If an order event triggers $5$ separate services asynchronously and the first four succeed but the fifth one fails you cannot use a simple database rollback. You must use the Saga Pattern. This involves creating a new Compensating Event to undo the work done by the first four services. For example if the Shipping Service fails it sends a refund payment event to the Billing Service.
Debugging and Tracing
In a synchronous system you can trace a transaction by following a single chain of direct calls. In an event driven system one event might trigger 10 other events which then trigger 10 more.

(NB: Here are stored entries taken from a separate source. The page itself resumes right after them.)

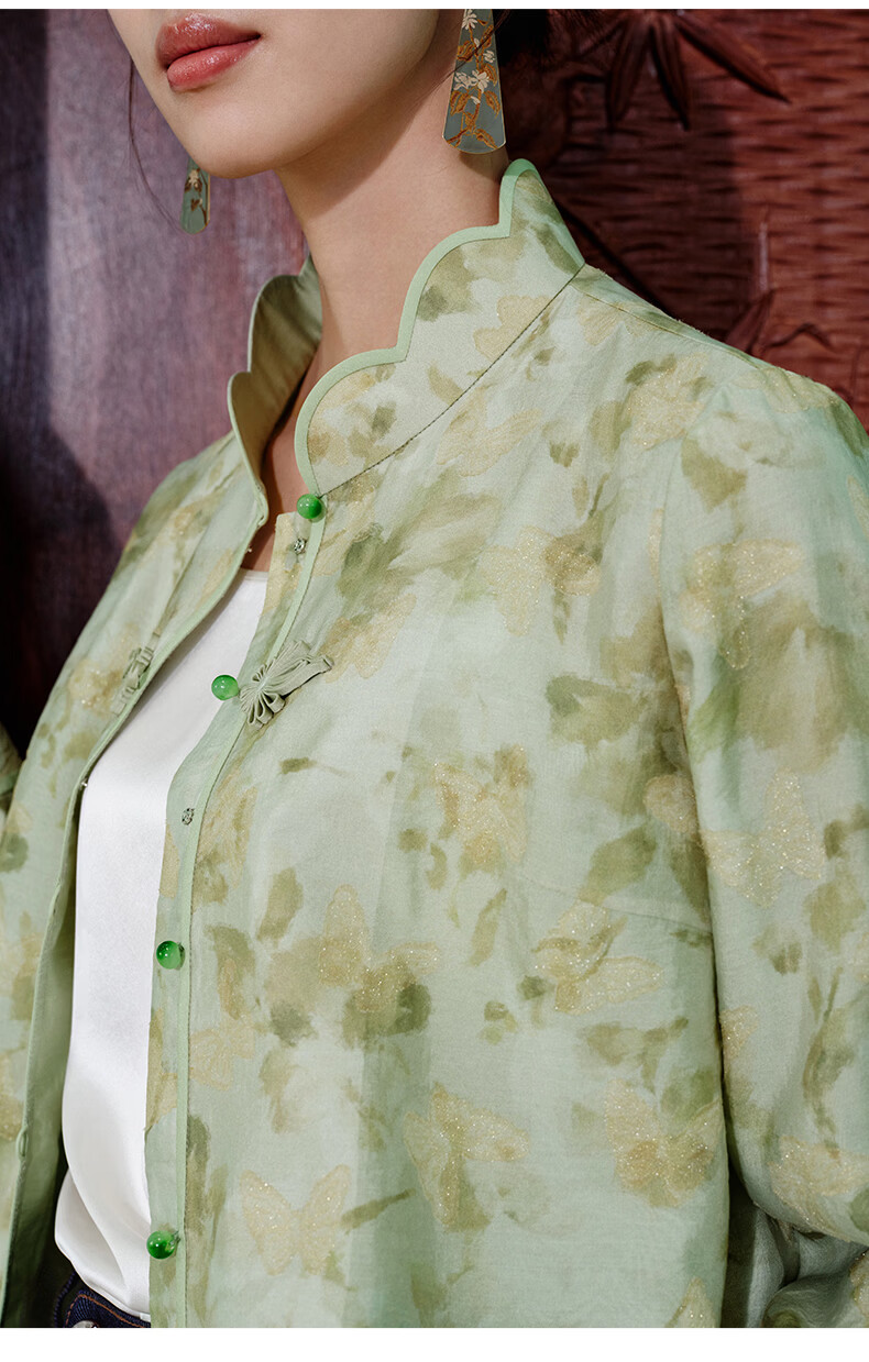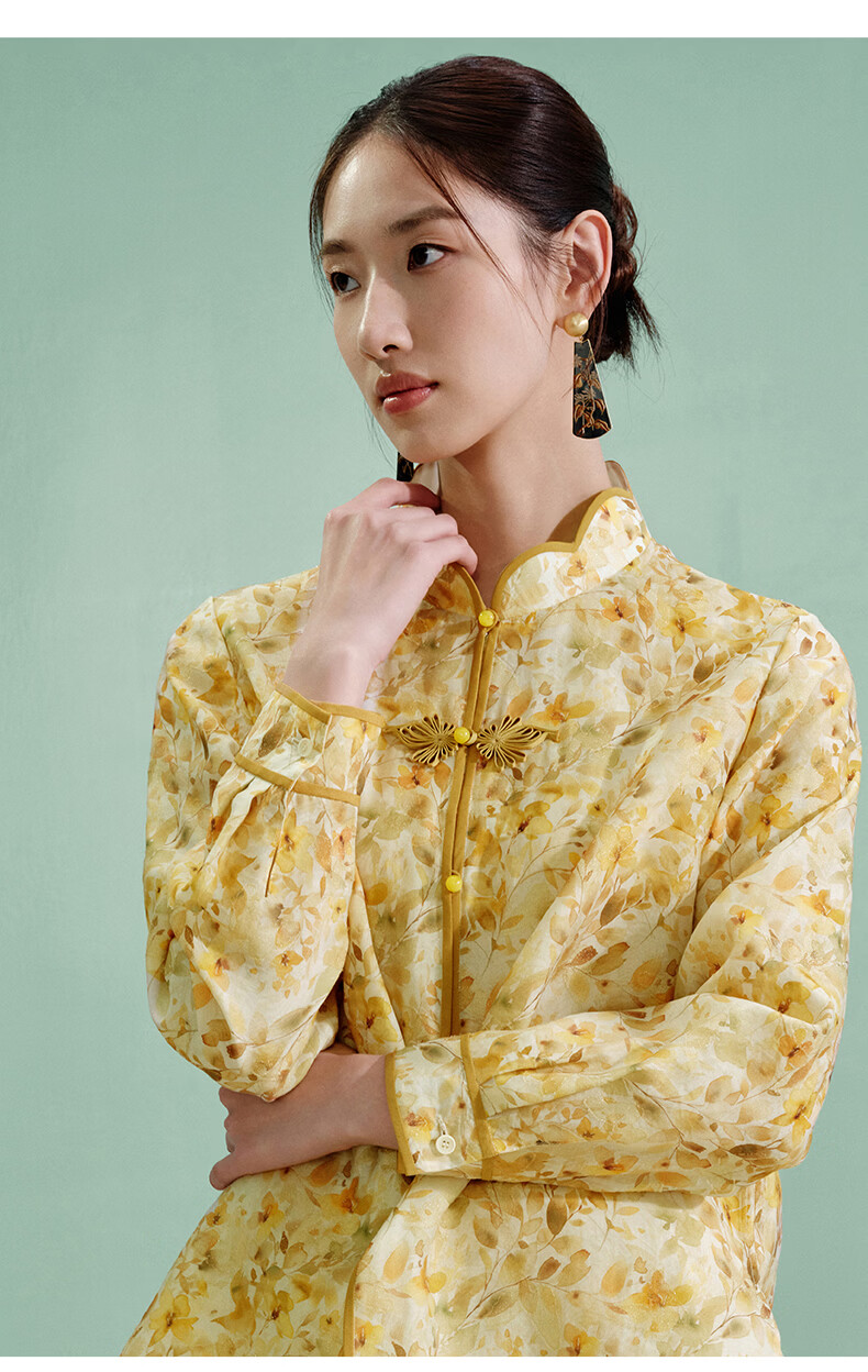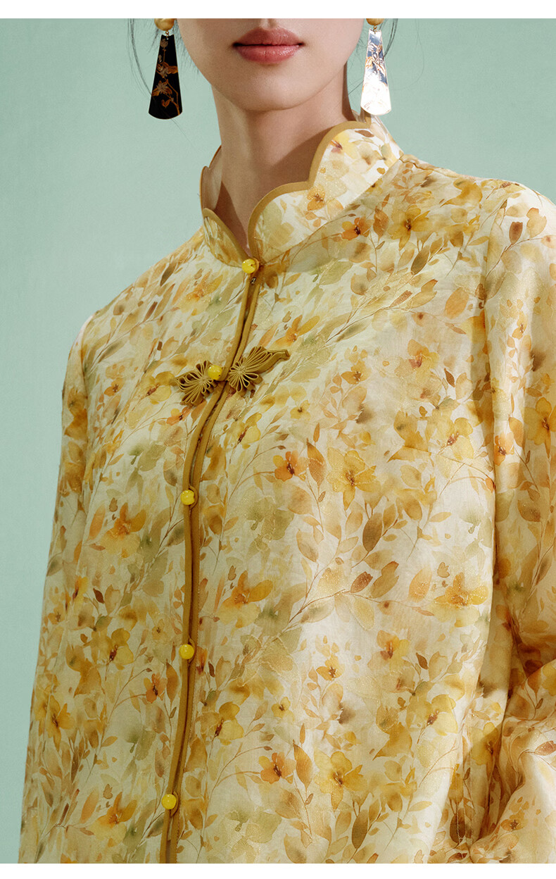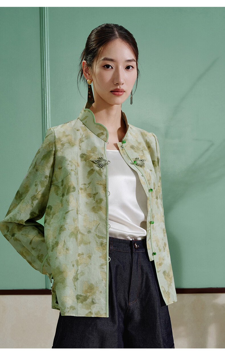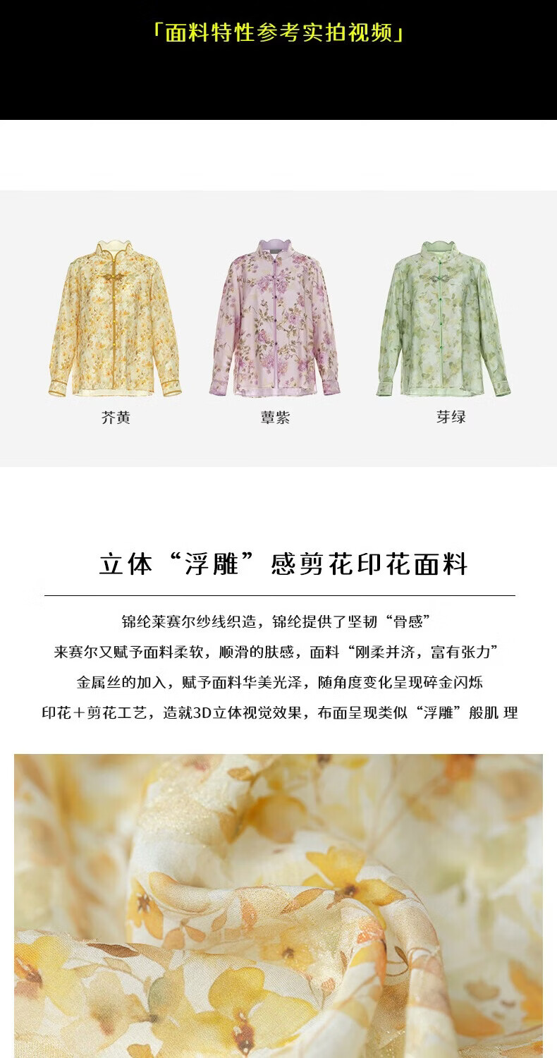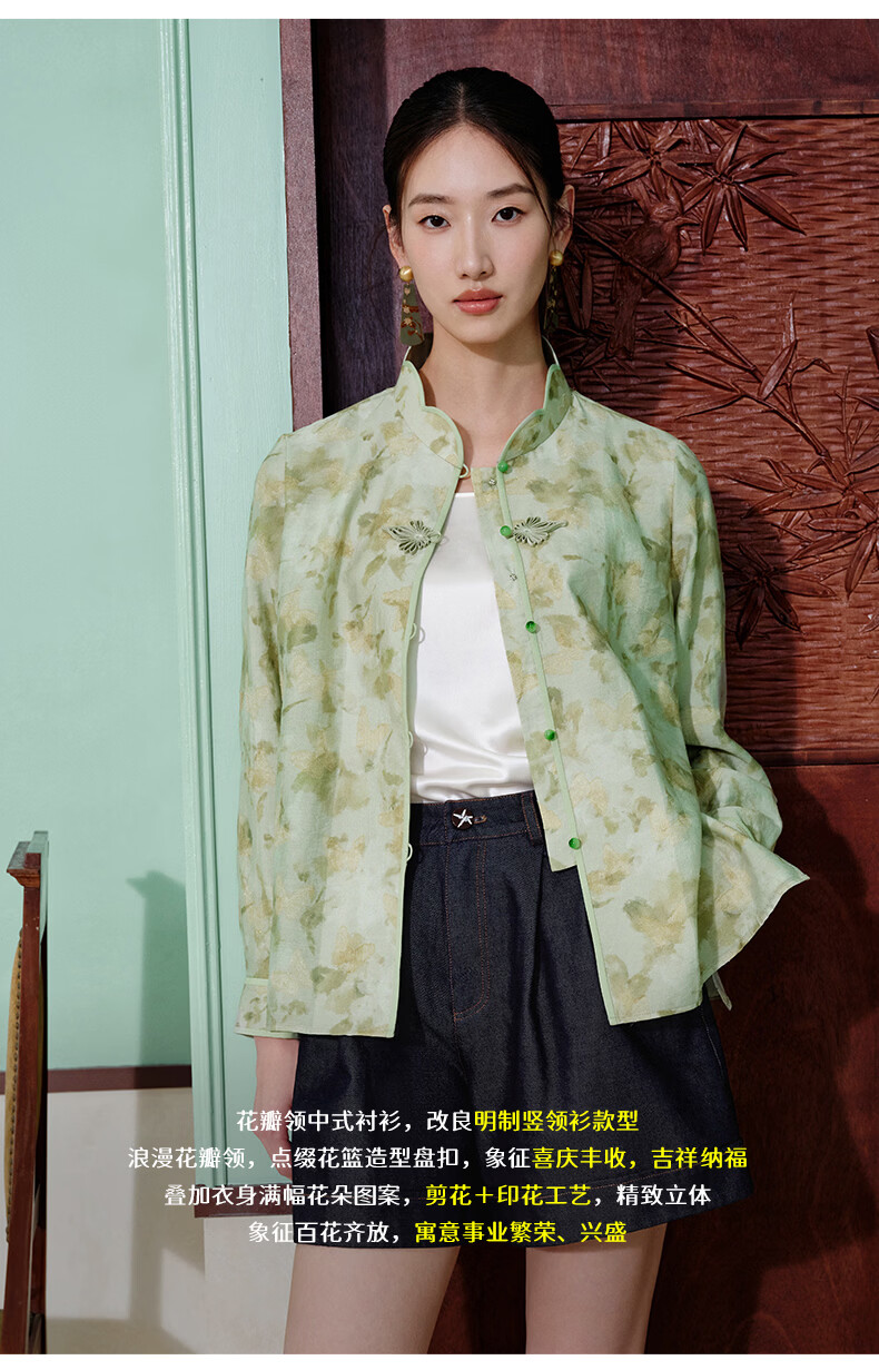 Floral deep plate button new Chinese style shirt for women 2026 new national style lyocell top petal collar printed shirt bud green S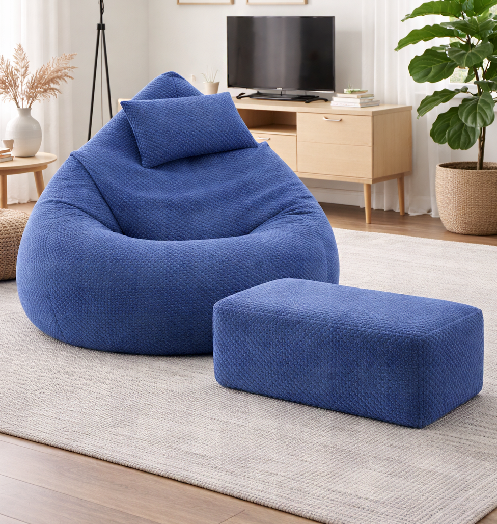 DOT RELAX GRANDE je veľký prémiový sedací vak, ktorý bol navrhnutý pre skutočný relax bez kompromisov. V jednom produkte získavaš kompletný relax set – veľký sedací vak, pohodlnú podnožku na nohy a samostatný vankúš na hlavu. Nemusíš nič dokupovať, všetko máš hneď.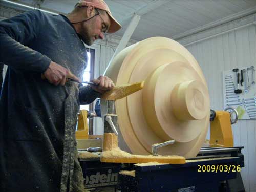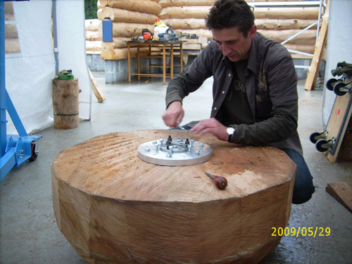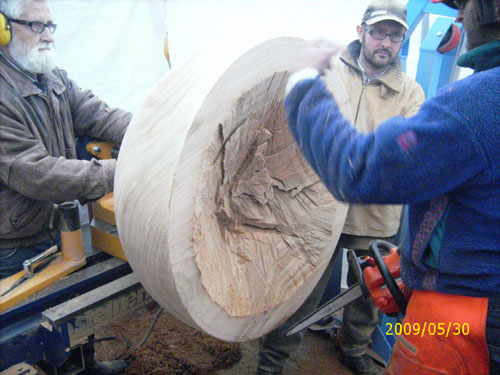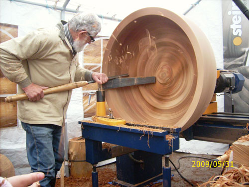 steinert maximo in Aktion, 250 kg Ulme-Rohling wird zur 1000 x 500 mm Schale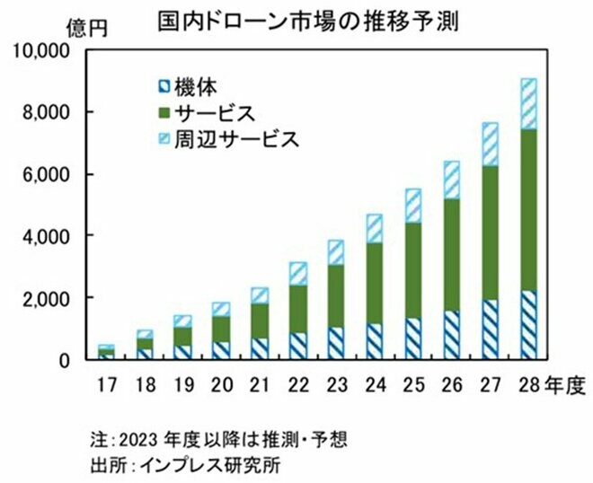 神様:その通りです。これまでドローンの飛行においては、使用規制やライセンスの導入などの安全面の仕組みづくりが行われてきたところです。今後は認可承認件数がさらに拡大することが期待されます。近年は、測量、点検、空撮や農薬散布など、ドローンの活用範囲は拡大しています。ドローンを飛ばすための申請に一回一回時間がかかっていては、実用的な運用はできません。今回の迅速化の試みは、今後の国内でのドローン活用に弾みをつけるものとなるでしょう。ドローン市場の規模も、2023年度の3,854億円から2028年度には9,054億円まで拡大することが見込まれています。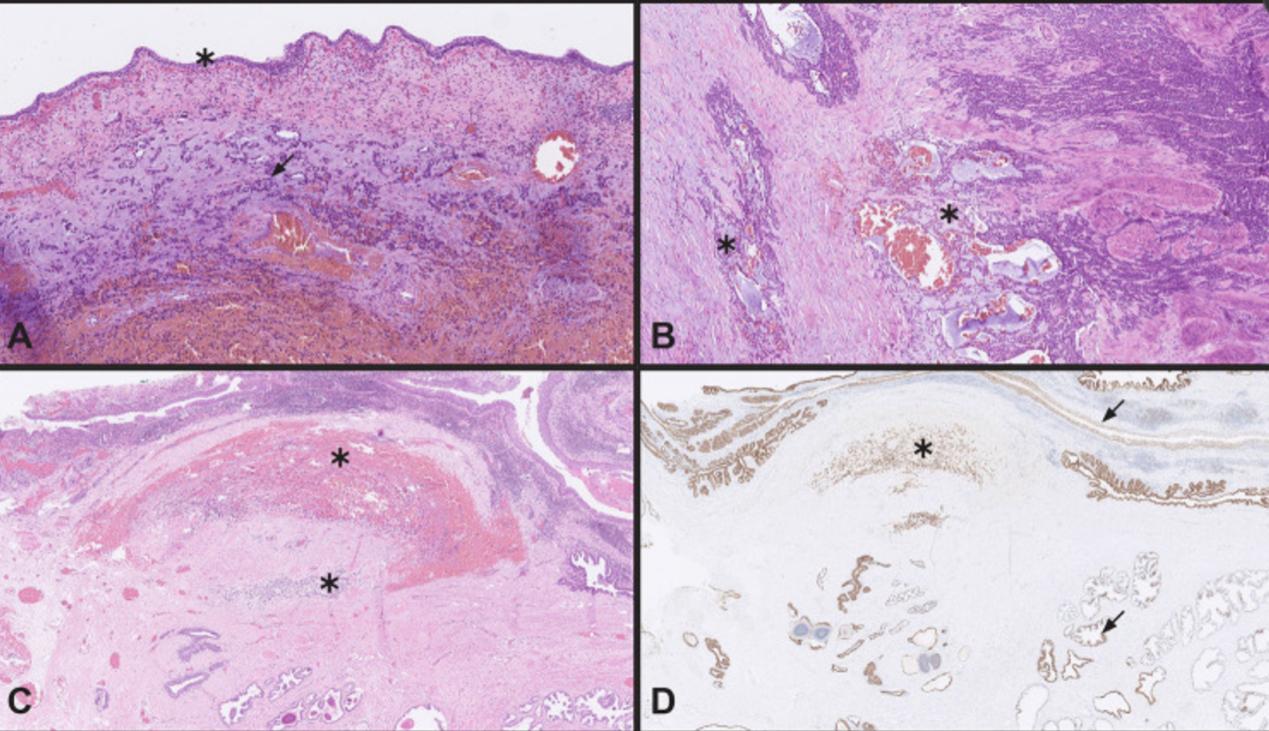 图3 膀胱前列腺切除术标本中的肿瘤形态。(A) 膀胱管腔部分的肿瘤细胞以不规则的小巢(箭头)和单细胞形式生长。未检测到原位尿路上皮癌(星号)(HE染色)。(B) 膀胱较深部分的肿瘤细胞生长在固体巢状和索状中,存在嗜酸性基底膜样物质和局灶性微囊结构,表明基底细胞癌(星号)(HE染色)。(C) 前列腺尿道周围浸润有生长在索中的基底细胞癌和肿瘤内出血的单细胞癌(星号)(HE染色)。(D) 前列腺尿道周围部分的GATA3阳性肿瘤细胞(星号)以及正常前列腺的基底细胞和前列腺尿道的尿路上皮(箭头)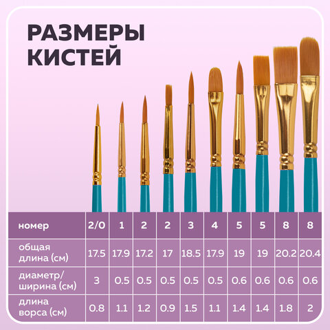 Кисти BRAUBERG PREMIUM, набор 10 шт. (синтетика, круглые № 1, 2, 3, 5, 8, плоские № 2, 4, 6, 8, 10), 201027

Tracing a single user action through this complex network is very difficult. You must implement Distributed Tracing. This involves attaching a unique ID to the first event and passing this ID along with every subsequent event. This allows a monitoring system to reconstruct the entire flow and pinpoint the exact source of an error.
The Next Step
The move from synchronous to asynchronous design using Message Queues is a requirement for creating any massive and resilient microservice architecture. It provides the essential layer of Decoupling that allows services to fail independently and process massive bursts of traffic without crashing.
You now understand the complete foundation of system design. We have covered requirements and reliability and data consistency and capacity and communication.